§ **BRIEF**
Your output should be the lines below from the one with "in 2015 I was" through the one with "Black Wedding Wear", copied exactly, pictures excluded.
── DATA
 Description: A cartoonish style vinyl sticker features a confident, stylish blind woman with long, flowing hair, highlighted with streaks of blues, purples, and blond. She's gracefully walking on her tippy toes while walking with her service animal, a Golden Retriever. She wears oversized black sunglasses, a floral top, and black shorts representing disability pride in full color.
────
── DATA
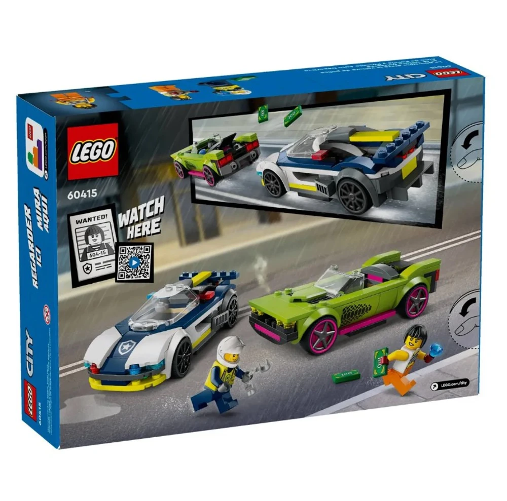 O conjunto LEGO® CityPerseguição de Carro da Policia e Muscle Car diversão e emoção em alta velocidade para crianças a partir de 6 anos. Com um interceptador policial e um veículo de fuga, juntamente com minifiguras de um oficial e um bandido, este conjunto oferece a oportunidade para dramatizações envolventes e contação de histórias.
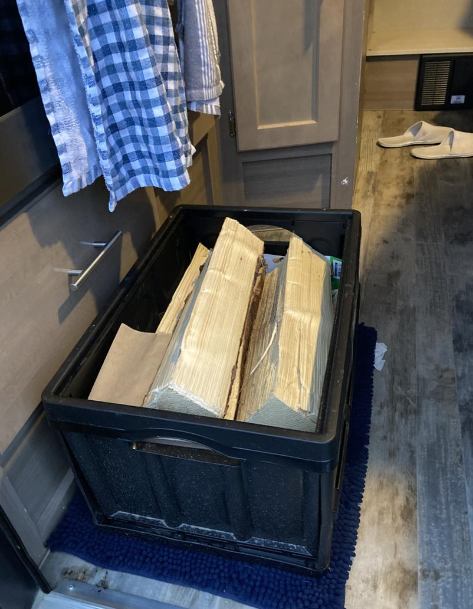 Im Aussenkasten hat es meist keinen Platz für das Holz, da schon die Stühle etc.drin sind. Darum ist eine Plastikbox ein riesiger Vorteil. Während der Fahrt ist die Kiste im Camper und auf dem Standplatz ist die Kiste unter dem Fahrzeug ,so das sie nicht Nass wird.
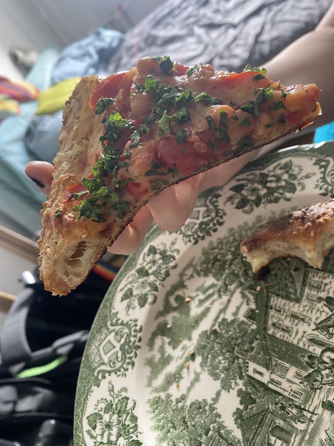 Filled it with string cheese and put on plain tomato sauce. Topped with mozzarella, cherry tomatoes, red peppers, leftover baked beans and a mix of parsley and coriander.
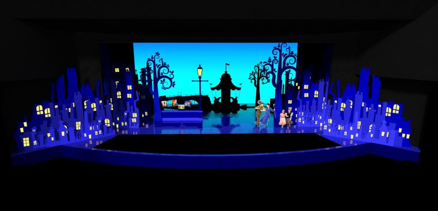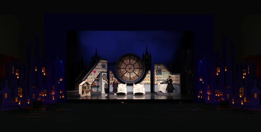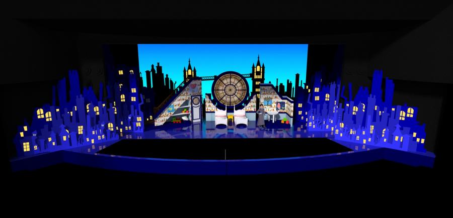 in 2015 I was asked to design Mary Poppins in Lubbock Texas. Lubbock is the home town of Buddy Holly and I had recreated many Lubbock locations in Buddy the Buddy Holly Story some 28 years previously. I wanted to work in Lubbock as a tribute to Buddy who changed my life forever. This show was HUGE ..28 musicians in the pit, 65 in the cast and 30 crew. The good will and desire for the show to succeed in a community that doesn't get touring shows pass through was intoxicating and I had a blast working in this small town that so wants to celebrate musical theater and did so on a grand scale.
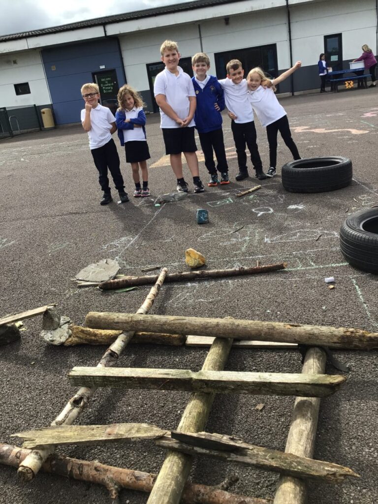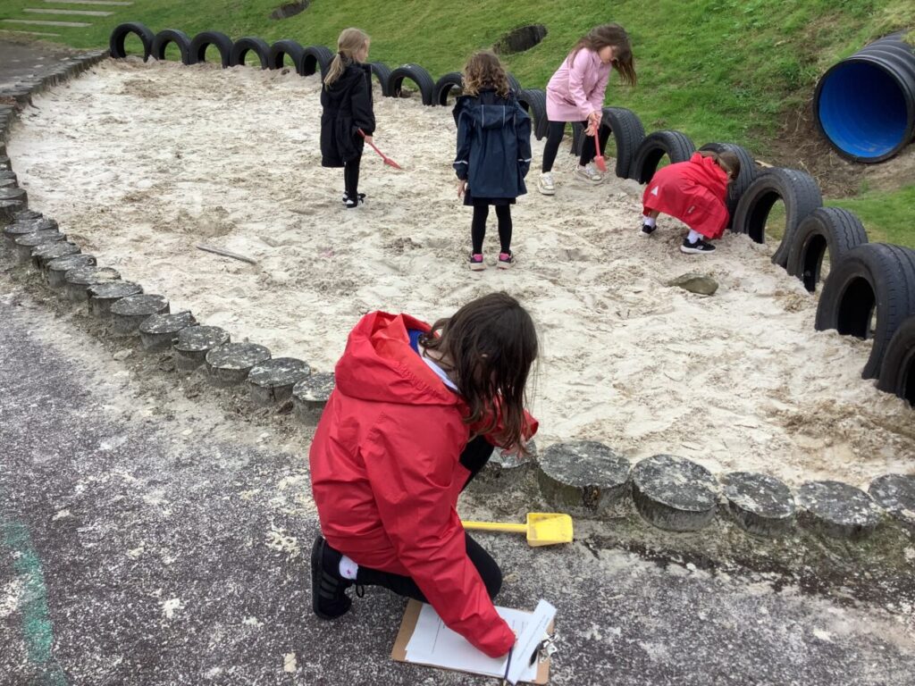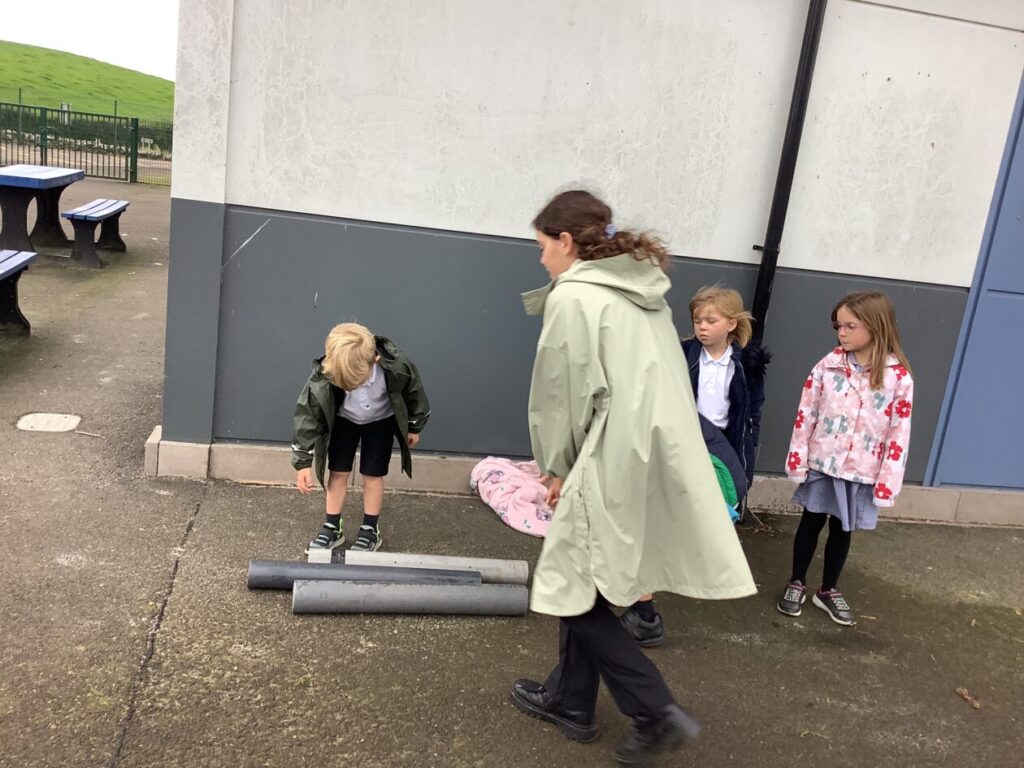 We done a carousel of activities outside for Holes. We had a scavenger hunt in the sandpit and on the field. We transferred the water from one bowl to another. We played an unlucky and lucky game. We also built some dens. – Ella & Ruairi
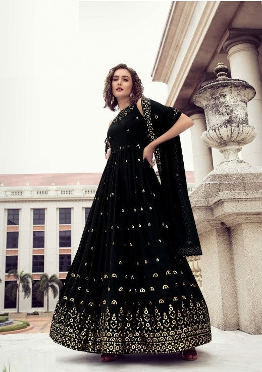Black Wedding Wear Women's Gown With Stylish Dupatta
────
§ **SOLUTION FOR THIS TASK**
 in 2015 I was asked to design Mary Poppins in Lubbock Texas. Lubbock is the home town of Buddy Holly and I had recreated many Lubbock locations in Buddy the Buddy Holly Story some 28 years previously. I wanted to work in Lubbock as a tribute to Buddy who changed my life forever. This show was HUGE ..28 musicians in the pit, 65 in the cast and 30 crew. The good will and desire for the show to succeed in a community that doesn't get touring shows pass through was intoxicating and I had a blast working in this small town that so wants to celebrate musical theater and did so on a grand scale.
 We done a carousel of activities outside for Holes. We had a scavenger hunt in the sandpit and on the field. We transferred the water from one bowl to another. We played an unlucky and lucky game. We also built some dens. – Ella & Ruairi
Black Wedding Wear Women's Gown With Stylish Dupatta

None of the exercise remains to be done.